**What to do:** When you repeat the material, keep each line exact and omit the pictures.

**Listed entries:**

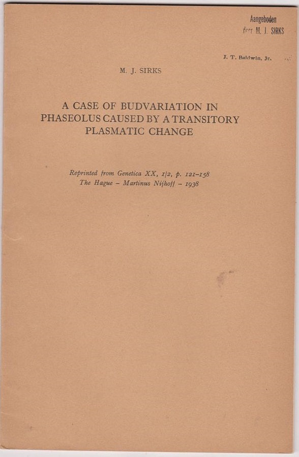 Description 1938. Reprinted from Genetica, XX, 1/2, p. 121-158. Ownership stamp: J.T. Baldwin. Gift stamp (dutch): Anngeboden Door M.J. Sirks. First separate edition. Offprint. Original wrappers. *
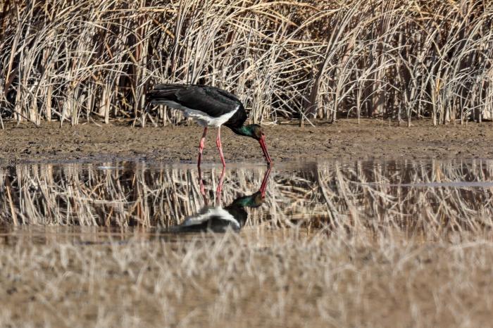 11月12日,黑鹳在张掖黑河湿地国家级自然保护区高台段一处湿地浅滩觅食。新华社记者 郎兵兵 摄
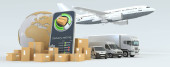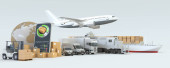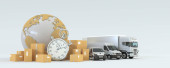 3D renderowanie mapy świata, stos paczek i wózek widłowy, van, ciężarówka pociąg i samolot
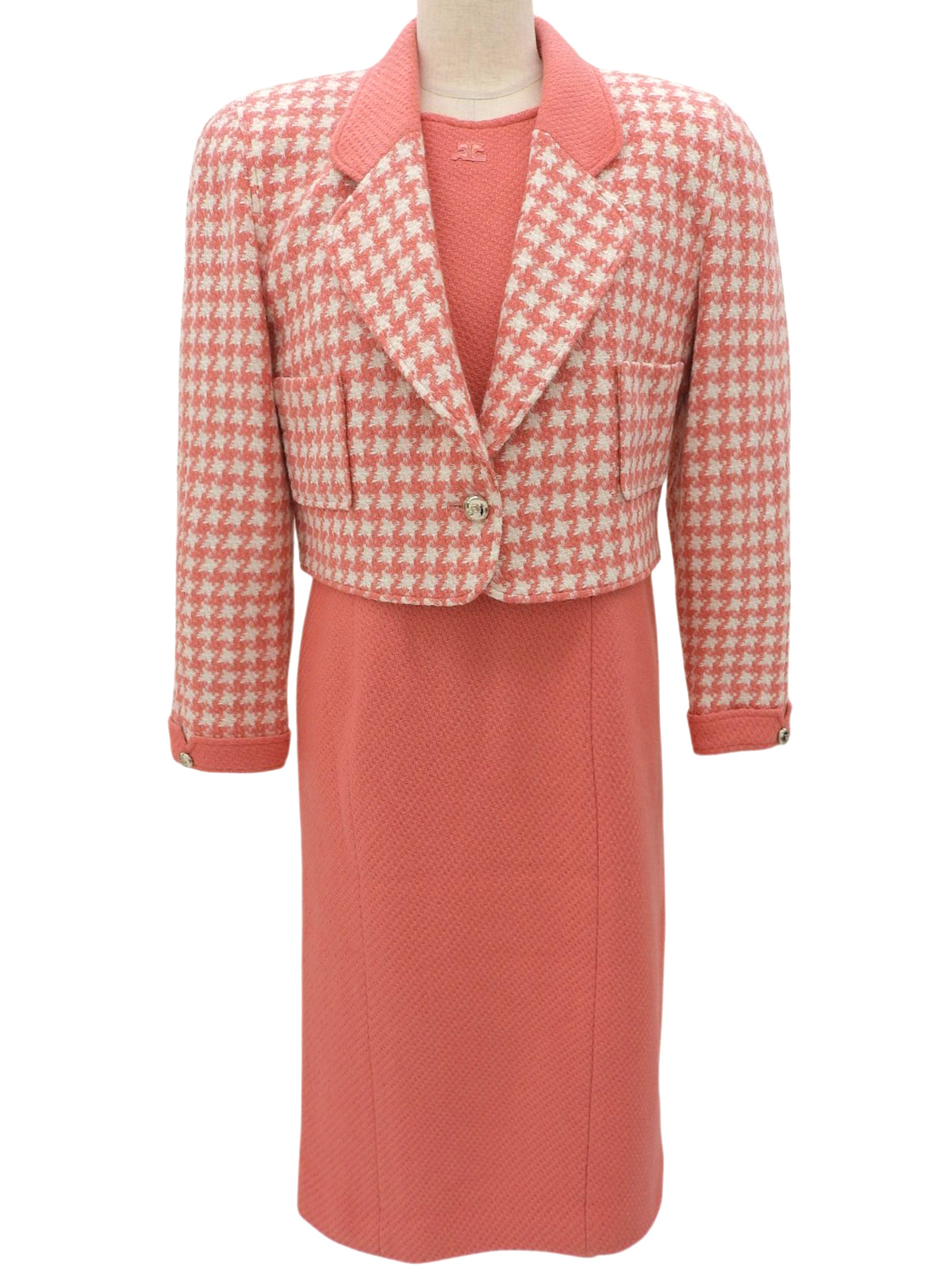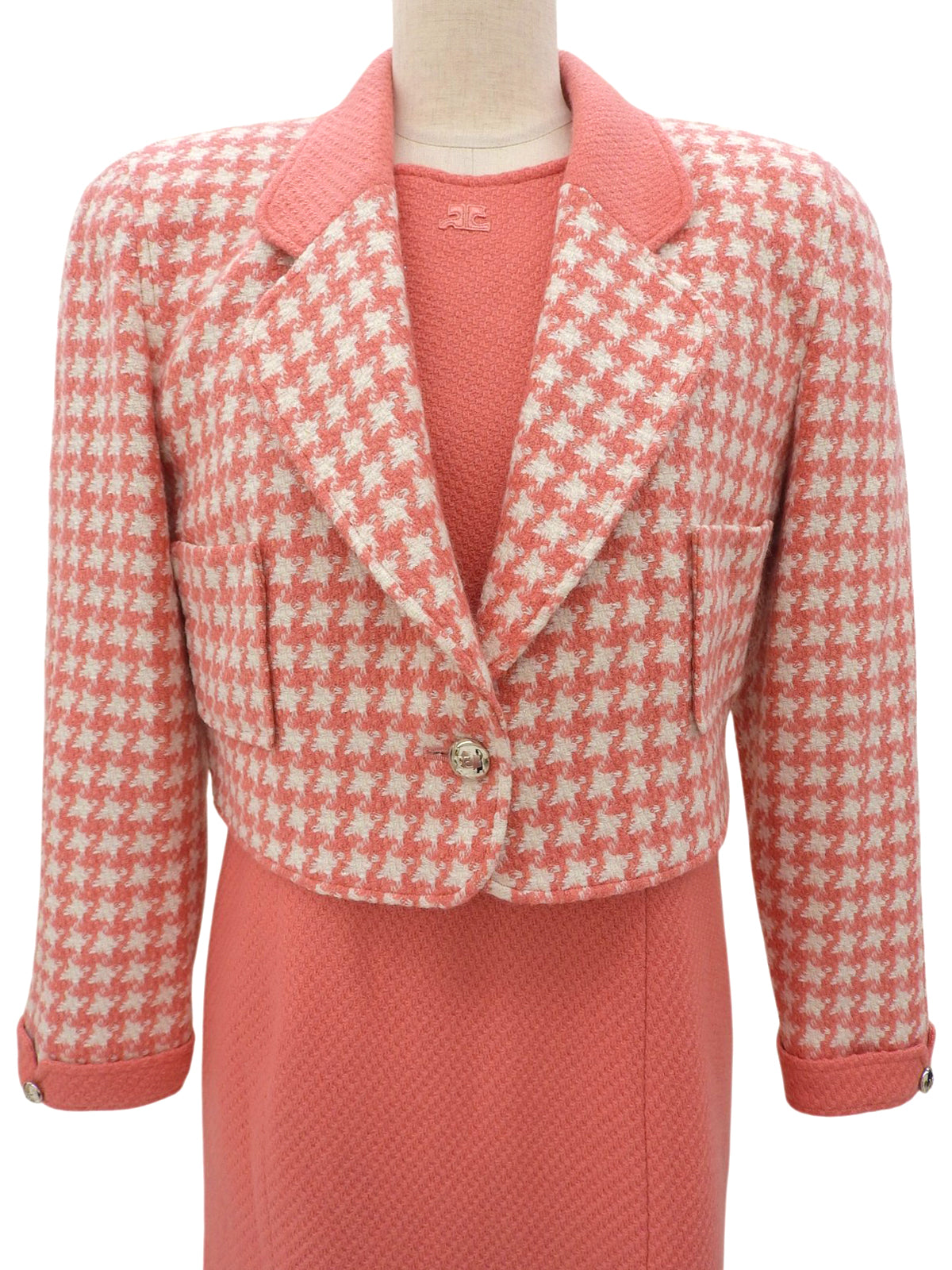 ウールワンピースセットアップ サーモンピンク/ホワイト
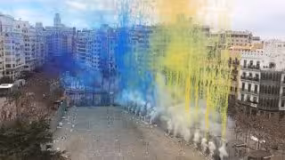 La 'mascletá' de este sábado, 5 de marzo, a cargo de la pirotecnia valenciana Tamarit, de Alfarrasí, ha teñido la plaza del Ayuntamiento de los colores de la bandera ucraniana en solidaridad con este país y repulsa a la invasión rusa, en un "emotivo" y "dinámico" espectáculo precedido por un minuto de silencio.

**Task response:**
 Description 1938. Reprinted from Genetica, XX, 1/2, p. 121-158. Ownership stamp: J.T. Baldwin. Gift stamp (dutch): Anngeboden Door M.J. Sirks. First separate edition. Offprint. Original wrappers. *
 11月12日,黑鹳在张掖黑河湿地国家级自然保护区高台段一处湿地浅滩觅食。新华社记者 郎兵兵 摄
 3D renderowanie mapy świata, stos paczek i wózek widłowy, van, ciężarówka pociąg i samolot
 ウールワンピースセットアップ サーモンピンク/ホワイト
 La 'mascletá' de este sábado, 5 de marzo, a cargo de la pirotecnia valenciana Tamarit, de Alfarrasí, ha teñido la plaza del Ayuntamiento de los colores de la bandera ucraniana en solidaridad con este país y repulsa a la invasión rusa, en un "emotivo" y "dinámico" espectáculo precedido por un minuto de silencio.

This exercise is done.